#### Task brief:
All that should come back is the lines of the data below from the one containing "臺灣畫話協會 Taiwan Painting Talk Association" to the one containing "自民党本部にて 高村正彦副総裁と市政状況を報告し懇談", inclusive, exactly as they stand.

#### Data supplied:
*** Begin section ***

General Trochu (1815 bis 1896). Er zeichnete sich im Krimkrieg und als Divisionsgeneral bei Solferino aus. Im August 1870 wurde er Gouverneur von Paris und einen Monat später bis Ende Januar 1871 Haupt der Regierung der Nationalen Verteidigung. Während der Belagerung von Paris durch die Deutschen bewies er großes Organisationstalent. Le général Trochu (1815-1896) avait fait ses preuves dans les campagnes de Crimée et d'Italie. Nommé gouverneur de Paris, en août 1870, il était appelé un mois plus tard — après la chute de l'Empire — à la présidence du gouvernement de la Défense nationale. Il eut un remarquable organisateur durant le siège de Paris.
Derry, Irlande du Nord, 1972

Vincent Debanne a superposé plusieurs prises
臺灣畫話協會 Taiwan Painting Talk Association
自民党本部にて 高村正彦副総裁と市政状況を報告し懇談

*** End section ***
*** Begin section ***

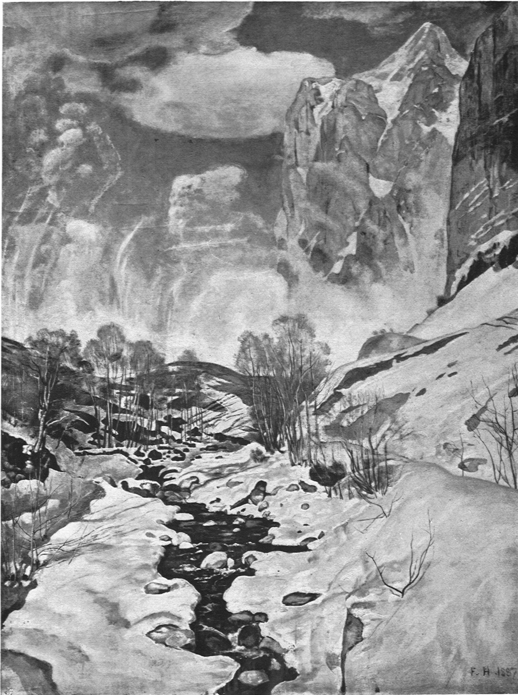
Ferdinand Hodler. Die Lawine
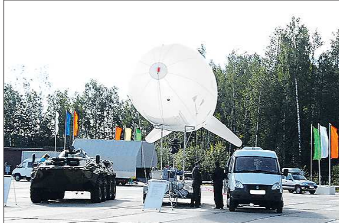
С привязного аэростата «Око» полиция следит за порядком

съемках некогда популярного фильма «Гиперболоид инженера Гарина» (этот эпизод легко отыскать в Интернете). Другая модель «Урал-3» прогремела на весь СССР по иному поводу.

*** End section ***

#### Answer to the exercise:
臺灣畫話協會 Taiwan Painting Talk Association
自民党本部にて 高村正彦副総裁と市政状況を報告し懇談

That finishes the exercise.